Positive and inclusive culture-setting, applying a ‘purpose-driven’ leadership approach, and showing more appreciation to employees.
Apparently 79% of staff quit jobs due to lack of appreciation are the touted new ‘leadership hacks’ for 2023 and beyond.
These are brilliant; however, we often overlook what to many is seen as the absolute key to effective leadership – meaningful connection and trust between the leader and employee.
We find that in the digital age of ‘Go Go Go’ and the mounting task lists, senior management are usually occupied with the immediate, and often overlook the opportunity to build meaningful trust and inspiring relationships with their staff (proven to boost retention and productivity.)

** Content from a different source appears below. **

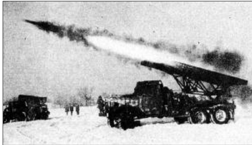
Odpálená střela z raketometu Kašuša

Přišli ale další velitelé, kteří z kašuší (původ jména lze hledat nejspíše v písni o dívce, jejíž milý odešel do armády) vytvořili jednu z nejslavnějších zbraní války. Jejich rozšíření hrálo do karet více věcí: výroba byla jednoduchá, díky umístění na podvozku nákladních automobilů – často amerických studebakerů – byly pohyblivé a salva jedné baterie tvořené

However, we came across a recent episode of the HubSpot AugMentors Podcast (hosted by Julie Meyer and Jimmy Edgerton) which interviewed Ron Gutman (a tech inventor, Ted Talk speaker, and healthcare technology founder and CEO) which really hit this leadership nail on the head.
Prioritize Connection With Staff
It was refreshing to listen to the AugMentors podcast, as it centred on the value of leaders finding the time to sit down with their staff and open up on a personal level.
It promoted the notion of making the deliberate effort to make your leadership style more open, honest, and most-importantly, ‘vulnerable’.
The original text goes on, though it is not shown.